In the material below, find the line with "Please download: w-w-w." and the line with "球速141km/h コD55 スB72 シュート3 アバタボール8号2", then output both and every line between them exactly, omitting pictures.

━━━━━ Dataset entries

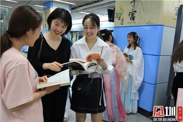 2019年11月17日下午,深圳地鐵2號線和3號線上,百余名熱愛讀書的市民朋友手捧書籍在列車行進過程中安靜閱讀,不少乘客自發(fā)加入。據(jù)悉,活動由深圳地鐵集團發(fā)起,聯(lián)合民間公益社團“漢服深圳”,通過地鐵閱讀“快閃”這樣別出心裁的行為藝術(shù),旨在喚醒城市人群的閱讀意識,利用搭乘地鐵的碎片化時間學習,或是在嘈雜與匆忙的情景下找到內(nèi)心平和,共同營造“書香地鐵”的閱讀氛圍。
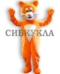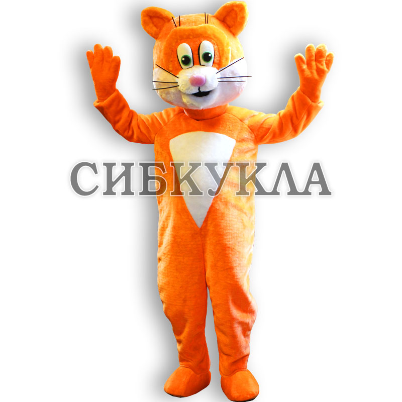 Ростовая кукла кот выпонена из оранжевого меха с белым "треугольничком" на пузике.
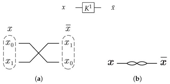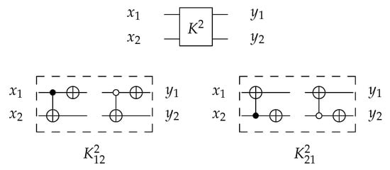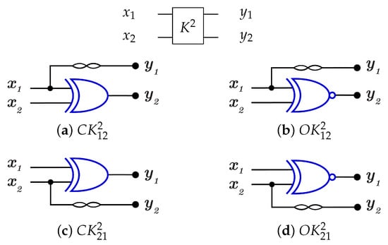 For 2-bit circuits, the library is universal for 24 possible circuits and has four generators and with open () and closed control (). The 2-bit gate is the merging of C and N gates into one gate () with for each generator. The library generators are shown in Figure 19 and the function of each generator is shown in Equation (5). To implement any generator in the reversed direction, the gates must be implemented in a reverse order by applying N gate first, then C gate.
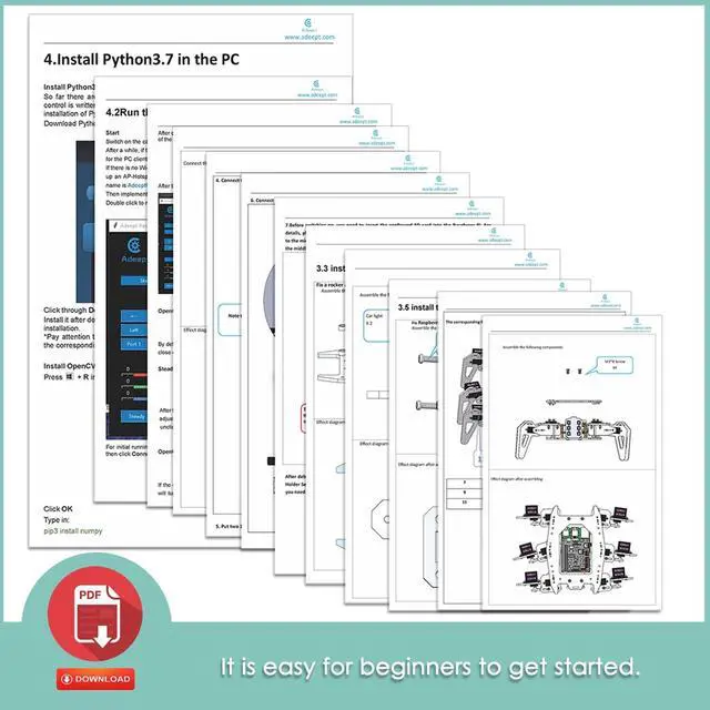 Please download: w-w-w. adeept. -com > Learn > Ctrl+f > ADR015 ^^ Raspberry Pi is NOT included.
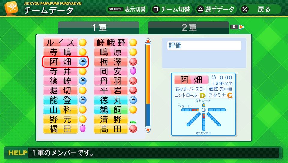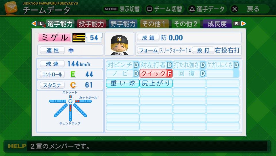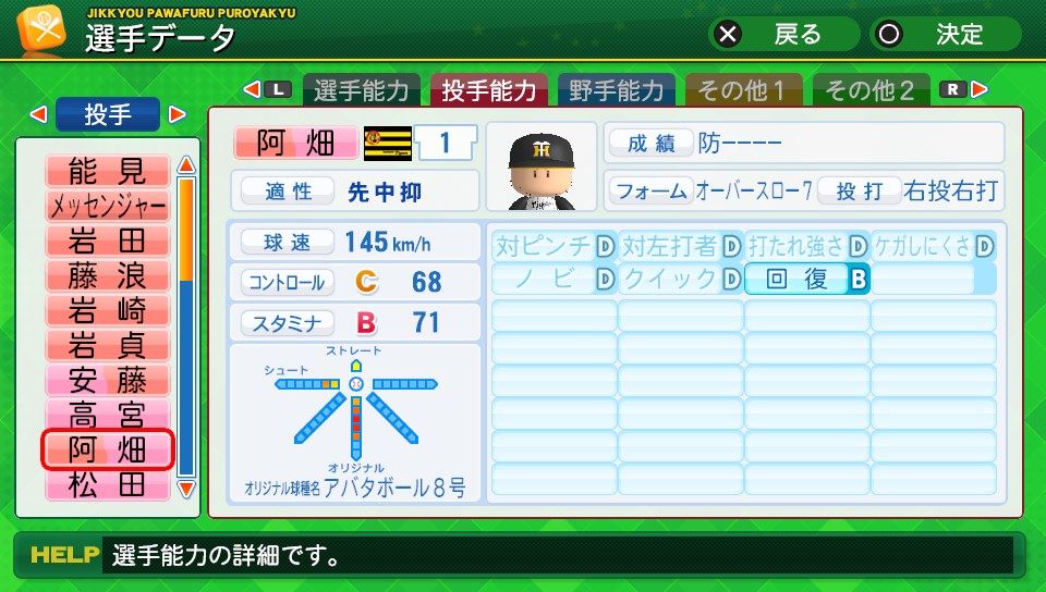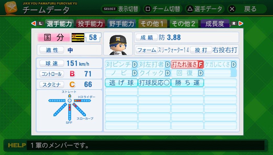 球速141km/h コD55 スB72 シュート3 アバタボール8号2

━━━━━━━━━━
━━━━━ Dataset entries

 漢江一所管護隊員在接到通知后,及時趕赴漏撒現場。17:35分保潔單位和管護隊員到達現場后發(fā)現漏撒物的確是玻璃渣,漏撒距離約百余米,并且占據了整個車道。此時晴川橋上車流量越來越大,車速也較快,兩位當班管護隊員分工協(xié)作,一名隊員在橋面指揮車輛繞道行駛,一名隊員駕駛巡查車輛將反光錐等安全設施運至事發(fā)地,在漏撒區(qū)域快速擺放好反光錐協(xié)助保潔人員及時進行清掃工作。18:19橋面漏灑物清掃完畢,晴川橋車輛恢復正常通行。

━━━━━━━━━━

(Task response):
 Please download: w-w-w. adeept. -com > Learn > Ctrl+f > ADR015 ^^ Raspberry Pi is NOT included.
 球速141km/h コD55 スB72 シュート3 アバタボール8号2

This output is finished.